Answer with the exact lines of the following material from the one containing "8. (2025·甘肃)如图" through the one containing "2、創作社區有作文榜、文學社", both end lines included.

── Listed records ──

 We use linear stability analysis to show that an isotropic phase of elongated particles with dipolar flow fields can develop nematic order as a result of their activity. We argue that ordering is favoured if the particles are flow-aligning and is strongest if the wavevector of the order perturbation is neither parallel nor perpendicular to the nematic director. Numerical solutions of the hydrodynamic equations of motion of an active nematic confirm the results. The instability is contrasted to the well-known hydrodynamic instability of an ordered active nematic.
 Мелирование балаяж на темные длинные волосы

───
── Listed records ──

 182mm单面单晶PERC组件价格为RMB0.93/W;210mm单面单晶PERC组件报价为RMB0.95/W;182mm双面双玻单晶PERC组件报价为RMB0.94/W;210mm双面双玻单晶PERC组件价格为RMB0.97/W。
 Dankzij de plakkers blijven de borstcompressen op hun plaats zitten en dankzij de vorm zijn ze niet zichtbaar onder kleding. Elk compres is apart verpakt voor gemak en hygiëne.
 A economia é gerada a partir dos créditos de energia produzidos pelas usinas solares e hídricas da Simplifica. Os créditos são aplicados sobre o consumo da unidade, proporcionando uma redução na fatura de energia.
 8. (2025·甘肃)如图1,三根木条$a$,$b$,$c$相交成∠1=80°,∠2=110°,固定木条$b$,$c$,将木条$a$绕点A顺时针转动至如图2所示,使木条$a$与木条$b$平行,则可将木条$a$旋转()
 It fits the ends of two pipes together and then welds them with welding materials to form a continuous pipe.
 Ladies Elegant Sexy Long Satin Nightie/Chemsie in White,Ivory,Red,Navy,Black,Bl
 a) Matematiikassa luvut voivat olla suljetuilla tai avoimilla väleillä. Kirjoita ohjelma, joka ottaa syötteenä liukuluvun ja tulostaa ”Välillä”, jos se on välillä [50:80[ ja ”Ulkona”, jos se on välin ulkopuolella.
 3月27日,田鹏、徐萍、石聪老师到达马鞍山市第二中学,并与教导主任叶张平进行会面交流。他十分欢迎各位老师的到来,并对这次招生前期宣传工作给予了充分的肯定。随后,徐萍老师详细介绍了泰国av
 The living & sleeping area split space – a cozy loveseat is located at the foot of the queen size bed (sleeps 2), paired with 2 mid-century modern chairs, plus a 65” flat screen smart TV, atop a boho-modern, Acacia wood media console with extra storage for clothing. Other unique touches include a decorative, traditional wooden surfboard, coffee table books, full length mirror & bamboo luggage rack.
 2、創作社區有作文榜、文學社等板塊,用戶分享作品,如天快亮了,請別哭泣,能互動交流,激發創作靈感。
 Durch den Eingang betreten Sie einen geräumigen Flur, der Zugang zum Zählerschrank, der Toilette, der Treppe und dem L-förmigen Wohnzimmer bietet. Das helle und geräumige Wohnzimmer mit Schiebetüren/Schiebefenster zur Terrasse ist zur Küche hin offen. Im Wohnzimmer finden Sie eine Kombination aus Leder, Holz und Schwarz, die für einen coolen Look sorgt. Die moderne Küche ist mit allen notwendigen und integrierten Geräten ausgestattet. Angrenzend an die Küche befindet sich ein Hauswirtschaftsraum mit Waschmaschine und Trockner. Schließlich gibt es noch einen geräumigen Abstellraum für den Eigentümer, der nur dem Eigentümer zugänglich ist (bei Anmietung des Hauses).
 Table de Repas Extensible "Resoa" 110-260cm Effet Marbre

───
── Listed records ──

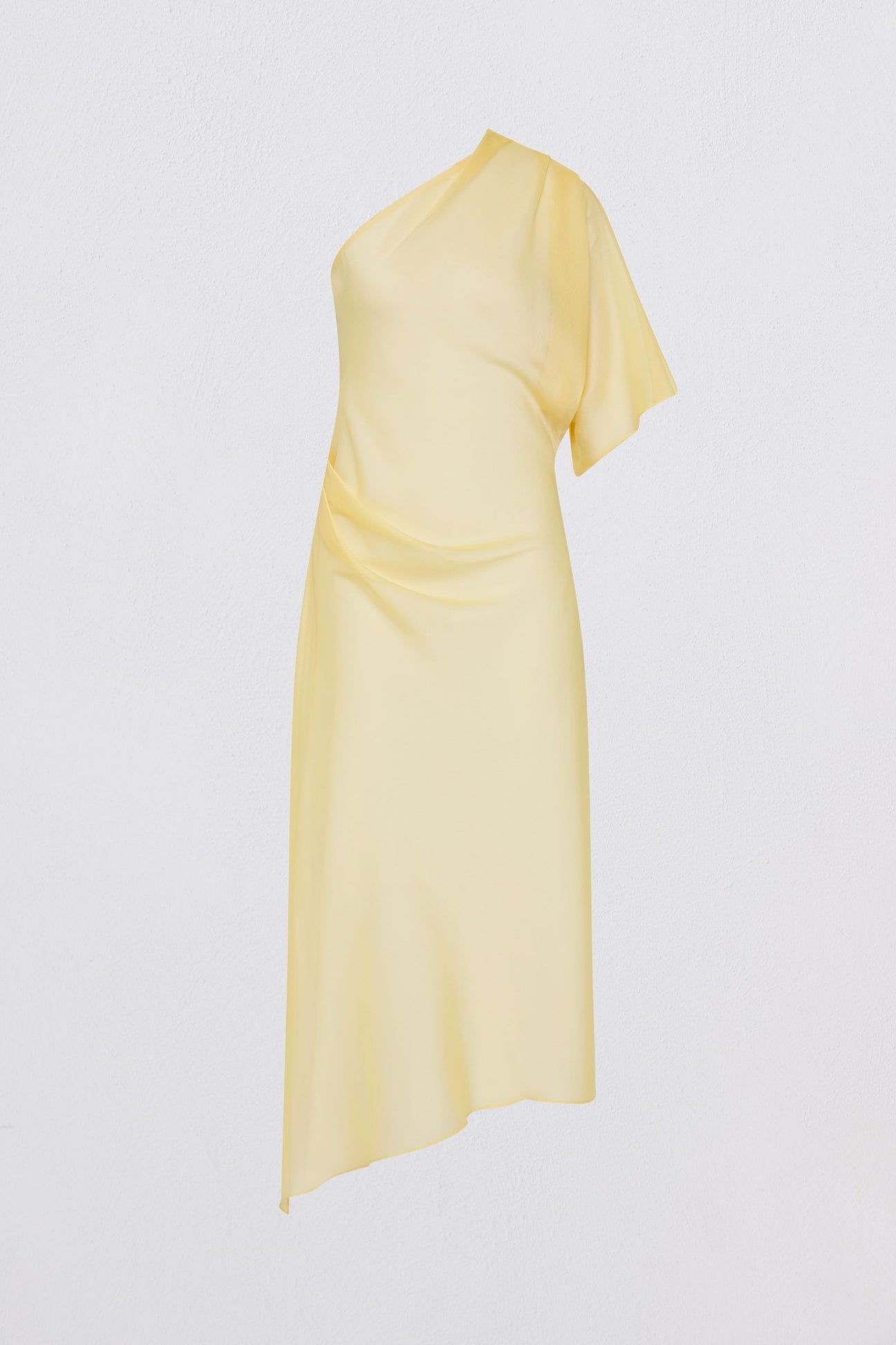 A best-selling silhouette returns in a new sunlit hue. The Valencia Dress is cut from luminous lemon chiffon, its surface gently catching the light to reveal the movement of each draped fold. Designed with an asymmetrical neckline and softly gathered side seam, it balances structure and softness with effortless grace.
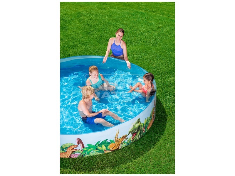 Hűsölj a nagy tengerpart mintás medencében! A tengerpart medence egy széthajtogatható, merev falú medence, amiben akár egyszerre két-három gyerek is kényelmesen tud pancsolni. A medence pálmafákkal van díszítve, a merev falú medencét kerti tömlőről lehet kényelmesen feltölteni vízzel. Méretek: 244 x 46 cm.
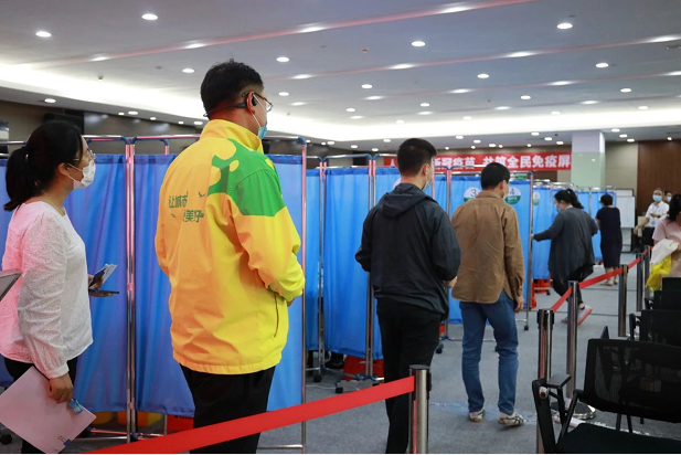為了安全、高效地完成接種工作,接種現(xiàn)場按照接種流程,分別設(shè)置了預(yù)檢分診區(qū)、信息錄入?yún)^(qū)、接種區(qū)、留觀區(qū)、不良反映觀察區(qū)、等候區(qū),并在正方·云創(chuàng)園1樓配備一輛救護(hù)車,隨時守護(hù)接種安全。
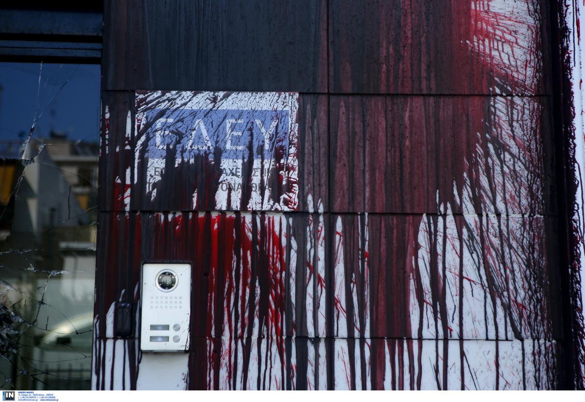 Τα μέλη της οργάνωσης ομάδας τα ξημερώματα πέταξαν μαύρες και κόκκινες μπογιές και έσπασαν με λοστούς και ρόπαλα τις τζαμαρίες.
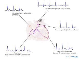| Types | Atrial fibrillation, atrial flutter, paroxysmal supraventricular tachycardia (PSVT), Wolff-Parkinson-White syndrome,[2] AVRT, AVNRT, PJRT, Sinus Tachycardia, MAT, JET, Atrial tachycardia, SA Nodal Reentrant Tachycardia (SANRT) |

───

*Response*.
 8. (2025·甘肃)如图1,三根木条$a$,$b$,$c$相交成∠1=80°,∠2=110°,固定木条$b$,$c$,将木条$a$绕点A顺时针转动至如图2所示,使木条$a$与木条$b$平行,则可将木条$a$旋转()
 It fits the ends of two pipes together and then welds them with welding materials to form a continuous pipe.
 Ladies Elegant Sexy Long Satin Nightie/Chemsie in White,Ivory,Red,Navy,Black,Bl
 a) Matematiikassa luvut voivat olla suljetuilla tai avoimilla väleillä. Kirjoita ohjelma, joka ottaa syötteenä liukuluvun ja tulostaa ”Välillä”, jos se on välillä [50:80[ ja ”Ulkona”, jos se on välin ulkopuolella.
 3月27日,田鹏、徐萍、石聪老师到达马鞍山市第二中学,并与教导主任叶张平进行会面交流。他十分欢迎各位老师的到来,并对这次招生前期宣传工作给予了充分的肯定。随后,徐萍老师详细介绍了泰国av
 The living & sleeping area split space – a cozy loveseat is located at the foot of the queen size bed (sleeps 2), paired with 2 mid-century modern chairs, plus a 65” flat screen smart TV, atop a boho-modern, Acacia wood media console with extra storage for clothing. Other unique touches include a decorative, traditional wooden surfboard, coffee table books, full length mirror & bamboo luggage rack.
 2、創作社區有作文榜、文學社等板塊,用戶分享作品,如天快亮了,請別哭泣,能互動交流,激發創作靈感。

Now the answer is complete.